--- Records shown Enclosed Below ---

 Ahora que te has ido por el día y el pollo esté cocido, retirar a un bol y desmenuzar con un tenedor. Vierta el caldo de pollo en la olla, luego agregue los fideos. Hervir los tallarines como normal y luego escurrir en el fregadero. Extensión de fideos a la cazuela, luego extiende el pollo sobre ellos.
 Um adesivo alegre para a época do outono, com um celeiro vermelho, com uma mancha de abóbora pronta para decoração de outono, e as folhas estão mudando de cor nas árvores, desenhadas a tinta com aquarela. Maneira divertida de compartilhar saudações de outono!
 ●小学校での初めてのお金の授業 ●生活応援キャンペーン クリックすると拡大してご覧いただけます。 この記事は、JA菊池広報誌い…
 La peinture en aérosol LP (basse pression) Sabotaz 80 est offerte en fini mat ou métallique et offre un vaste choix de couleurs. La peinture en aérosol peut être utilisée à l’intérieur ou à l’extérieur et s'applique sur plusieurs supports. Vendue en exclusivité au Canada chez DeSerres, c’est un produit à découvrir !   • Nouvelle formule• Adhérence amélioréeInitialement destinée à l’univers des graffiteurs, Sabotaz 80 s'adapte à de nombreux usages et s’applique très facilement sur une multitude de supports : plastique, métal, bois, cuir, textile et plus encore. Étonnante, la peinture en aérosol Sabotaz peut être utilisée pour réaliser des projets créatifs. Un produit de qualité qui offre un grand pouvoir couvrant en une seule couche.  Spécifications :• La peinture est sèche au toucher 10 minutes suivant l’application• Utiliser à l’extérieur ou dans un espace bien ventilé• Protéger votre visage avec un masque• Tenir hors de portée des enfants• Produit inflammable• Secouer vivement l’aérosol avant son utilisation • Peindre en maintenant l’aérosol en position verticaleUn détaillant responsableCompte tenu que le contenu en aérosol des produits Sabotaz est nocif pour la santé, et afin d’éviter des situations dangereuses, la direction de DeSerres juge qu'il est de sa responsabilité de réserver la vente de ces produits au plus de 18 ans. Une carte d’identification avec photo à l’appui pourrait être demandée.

--- End of Enclosed Records shown ---
--- Records shown Enclosed Below ---

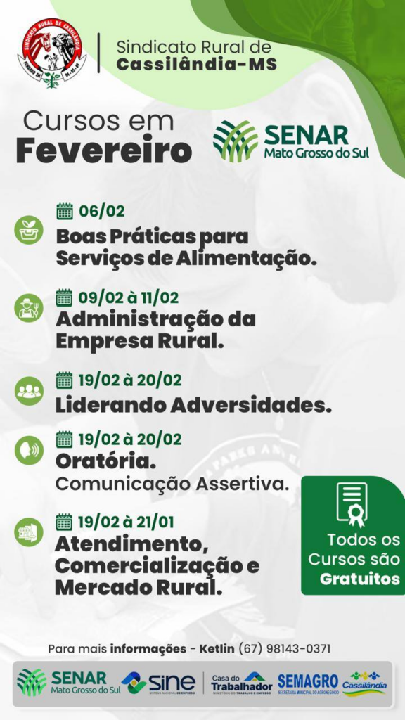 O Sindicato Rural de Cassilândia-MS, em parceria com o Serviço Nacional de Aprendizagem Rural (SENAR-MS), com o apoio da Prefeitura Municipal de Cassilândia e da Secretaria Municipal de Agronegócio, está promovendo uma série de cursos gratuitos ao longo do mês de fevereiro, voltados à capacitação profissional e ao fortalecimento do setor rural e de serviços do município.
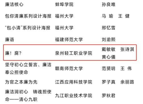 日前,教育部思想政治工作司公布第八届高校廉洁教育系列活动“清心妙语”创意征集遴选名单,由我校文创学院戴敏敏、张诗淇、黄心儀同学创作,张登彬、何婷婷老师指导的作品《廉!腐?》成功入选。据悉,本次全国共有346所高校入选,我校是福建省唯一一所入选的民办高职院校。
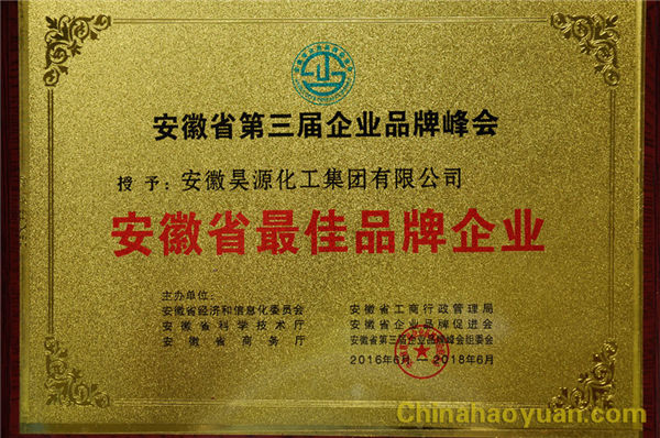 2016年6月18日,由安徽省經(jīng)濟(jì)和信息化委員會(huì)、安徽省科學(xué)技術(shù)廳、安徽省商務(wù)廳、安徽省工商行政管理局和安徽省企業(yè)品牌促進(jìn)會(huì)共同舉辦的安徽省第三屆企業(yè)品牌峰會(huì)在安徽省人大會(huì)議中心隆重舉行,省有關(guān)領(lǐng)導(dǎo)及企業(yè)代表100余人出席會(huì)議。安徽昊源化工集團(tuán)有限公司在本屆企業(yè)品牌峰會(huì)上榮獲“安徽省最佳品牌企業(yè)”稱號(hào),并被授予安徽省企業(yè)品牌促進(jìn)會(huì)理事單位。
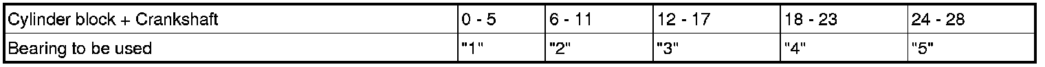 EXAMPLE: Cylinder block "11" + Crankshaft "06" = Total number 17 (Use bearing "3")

--- End of Enclosed Records shown ---

• Exercise instructions
In the listing above, locate the line containing "Ahora que te" and the line containing "La peinture en aérosol LP". Transcribe those two lines and everything between them, exactly as written.

• Written answer
 Ahora que te has ido por el día y el pollo esté cocido, retirar a un bol y desmenuzar con un tenedor. Vierta el caldo de pollo en la olla, luego agregue los fideos. Hervir los tallarines como normal y luego escurrir en el fregadero. Extensión de fideos a la cazuela, luego extiende el pollo sobre ellos.
 Um adesivo alegre para a época do outono, com um celeiro vermelho, com uma mancha de abóbora pronta para decoração de outono, e as folhas estão mudando de cor nas árvores, desenhadas a tinta com aquarela. Maneira divertida de compartilhar saudações de outono!
 ●小学校での初めてのお金の授業 ●生活応援キャンペーン クリックすると拡大してご覧いただけます。 この記事は、JA菊池広報誌い…
 La peinture en aérosol LP (basse pression) Sabotaz 80 est offerte en fini mat ou métallique et offre un vaste choix de couleurs. La peinture en aérosol peut être utilisée à l’intérieur ou à l’extérieur et s'applique sur plusieurs supports. Vendue en exclusivité au Canada chez DeSerres, c’est un produit à découvrir !   • Nouvelle formule• Adhérence amélioréeInitialement destinée à l’univers des graffiteurs, Sabotaz 80 s'adapte à de nombreux usages et s’applique très facilement sur une multitude de supports : plastique, métal, bois, cuir, textile et plus encore. Étonnante, la peinture en aérosol Sabotaz peut être utilisée pour réaliser des projets créatifs. Un produit de qualité qui offre un grand pouvoir couvrant en une seule couche.  Spécifications :• La peinture est sèche au toucher 10 minutes suivant l’application• Utiliser à l’extérieur ou dans un espace bien ventilé• Protéger votre visage avec un masque• Tenir hors de portée des enfants• Produit inflammable• Secouer vivement l’aérosol avant son utilisation • Peindre en maintenant l’aérosol en position verticaleUn détaillant responsableCompte tenu que le contenu en aérosol des produits Sabotaz est nocif pour la santé, et afin d’éviter des situations dangereuses, la direction de DeSerres juge qu'il est de sa responsabilité de réserver la vente de ces produits au plus de 18 ans. Une carte d’identification avec photo à l’appui pourrait être demandée.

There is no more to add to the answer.